GCP Student Living defies Brexit gloom with 15% return

Continued demand from overseas students sees specialist real estate investment trust buck decline in broader commercial property market in year to June.

GCP Student Living (DIGS), the London-focused student accommodation real estate investment trust (Reit), has bucked the decline in the broader commercial property market with a 14.8% total shareholder return in the year to June.

Delivering a strong set of annual results, the £670 million specialist property company this week reported 11% growth in net asset value (NAV) underpinned by strong demand and a shortage of supply.

‘The company’s investments continue to benefit from yield compression arising from competitive market demand for student accommodation assets,’ said chairman Robert Peto.

‘This has been reflected in the upward valuation of the company’s portfolio and a concomitant rise in its NAV during the year,’ he said. The rise in property values was underlined by the net initial yield of the portfolio slipping to 4.54% from 5.04% a year ago.

GCP Student Living’s performance stood out in a UK Reit sector wracked by Brexit uncertainty and high street woes where shareholder returns fell by 6% on average in the 12 months to 30 June.

The latest advance also lifts the trust’s annualised shareholder returns including dividends since launch six years ago to 12.9%, beating its 8-10% annual target and more doubling the return on the FTSE All-Share index.

In the Association of Investment Companies’ UK Residential sector it is the only one of five trusts to have made a positive return, the others mostly being social housing funds hit by regulatory concerns.

Although the quarterly dividends backing GCP’s 3.8% yield rose 3.4% to 6.15p per share, they were only 85% covered by adjusted earnings of 5.23p per share. However, that was an improvement from last year when dividend cover was only 67%.

The increase in dividend cover follows the opening a year ago of Scape Bloomsbury, a 432-bed block in central London generating around £9 million in rental income.

The company expects to return to full dividend cover when its entire portfolio is fully operational. It ended the year with 11 properties and 4,116 beds fully let and with student rental growth of 4.4% but but has two properties under development in Brighton where it has recently diversified.

The first of these, Brighton Circus Street has 450 beds and is due to open for the new academic year and the second, Scape Brighton, is a 555-bed project scheduled to complete next year.

It is also committed to buying a 412-bed asset near its existing property in Mile End which it expects to acquire from developer Scape by the end of the year.

GCP Student Living largely caters for overseas students who can afford its high quality accommodation. Nick Barker, director of fund manager, Gravis Capital Management, said Brexit had not hit demand from its preferred customer base, with data from the Universities and Colleges Admissions Service (UCAS) showing a 4.4% increase in international students accepted on to full-time courses in 2018/19.
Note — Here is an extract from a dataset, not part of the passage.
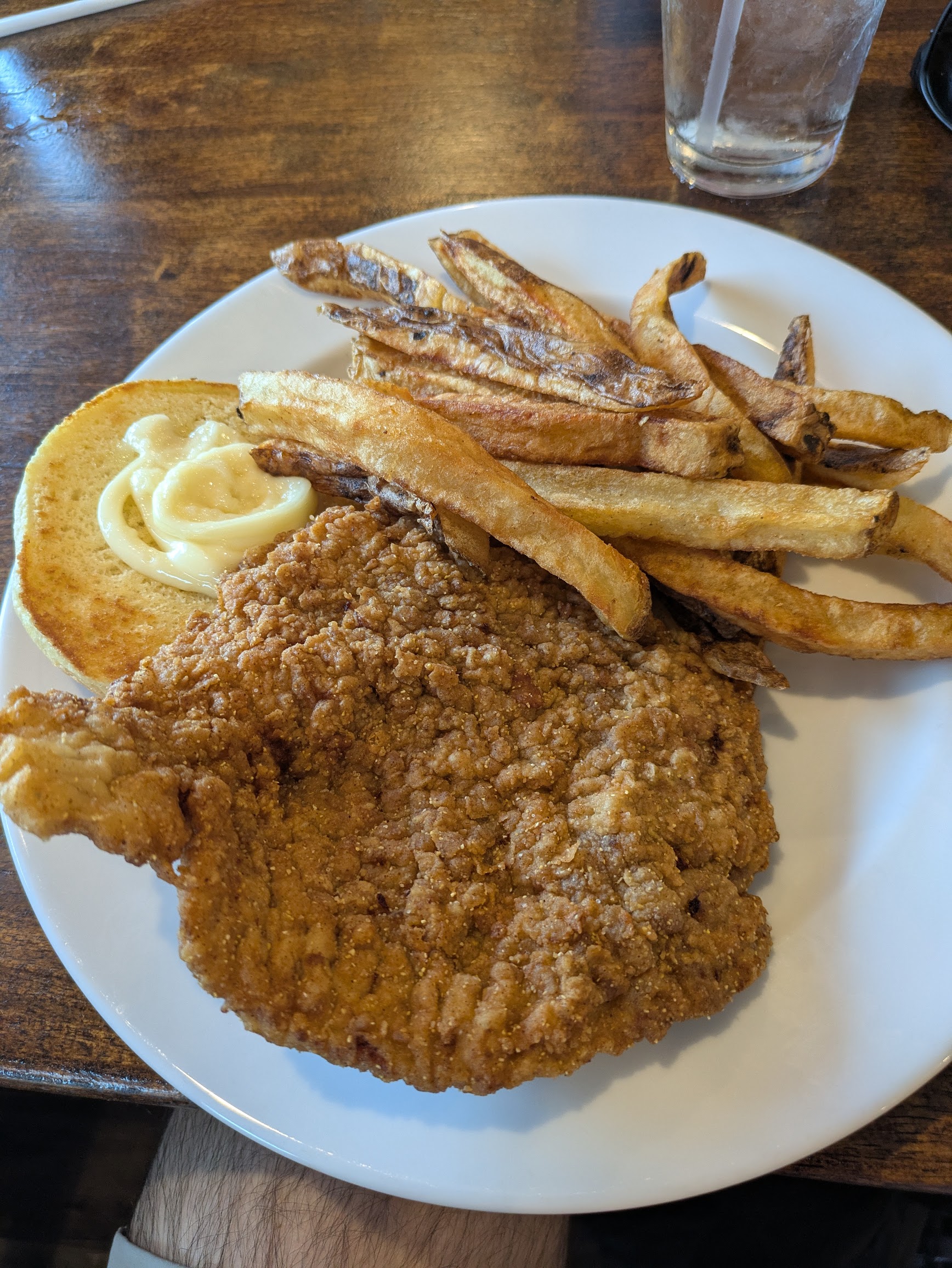 tried the $13 grilled and breaded tenderloins at the edge in Anderson tonight. very disappointing for the most expensive tenderloin in Anderson. they were thick like I like them but they didn't trim the fat or the gristle some bits were just inedible. the grilled tenderloin tasted like beef, so somebody didn't clean off the grill before they cooked it. the lettuce was wilted so we didn't eat that the tomatoes were way past their prime and disintegrated so we scraped those off. the bun fell apart. they got our order wrong. we ordered lettuce and tomato on both and got lettuce and tomato and onions on one and lettuce and onions on the other. the onion rings would have been good if they've been crispy. french fries no seasoning but that's fine we added a little salt and they were pretty good. everything stuck in styrofoam rather than something compostable. if you want a good golf course tenderloin then it's the 1925 pub house not Edgewood.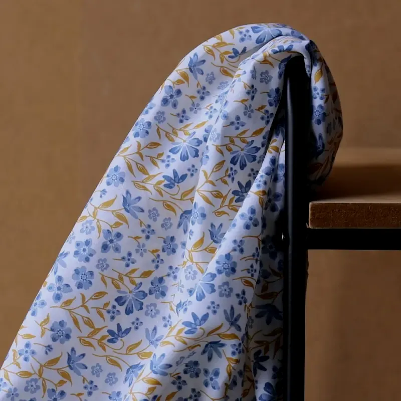 Wprowadź powiew świeżości do swoich projektów dzięki niebieskiej popelinie bawełnianej Poppy Fabrics. Tkanina ta wyróżnia się gęstym, regularnym wzorem typu "łączka", gdzie drobne niebieskie kwiatuszki harmonijnie łączą się z listkami w kolorze musztardowym lub ochrowym. To klasyczna i niezwykle stylowa kompozycja, która nadaje projektom szlachetnego charakteru.

Non-EU student numbers rose 4.9% year on year while EU students increased by 3.8% to a level above that before the 2016 EU referendum, he said.

Barker said the government’s immigration policy set out in March showed it wanted to increase overseas student numbers by 30% by 2030, and generate more income from them. ‘The review also highlights a reduction in fees from £9,000 to £7,500 and an extension to the loan repayment period from 30 years to 40 years,’ he said.

‘We believe there may a resultant increase to domestic student numbers and/or greater levels of spending available for such students to spend on accommodation,’ Barker added.

The ongoing ‘structural undersupply’ in London where planning restrictions and limited land mean there is an estimated shortage of 35,000 student beds is a problem though, hence the company’s recent shift in focus to Brighton.

Analysts at Jefferies lifted their price target for the trust to 180p from 170p and maintained their ‘buy’ rating saying they did not see a significant risk from Brexit in London.

‘However, in the medium term wth continued demand at even lower yields, GCP could be priced out of further expansion in the capital by buyers with lower costs of capital. We expect to see continued strong organic growth from GCP’s portfolio but to expand further may require further geographical dilution,’ said analysts Andrew Gill and Mike Prew in a note to investors.

GCP Student Living shares stand at 162p, a 5.7% premium over their estimated net asset value of 153.3p, according to Morningstar data.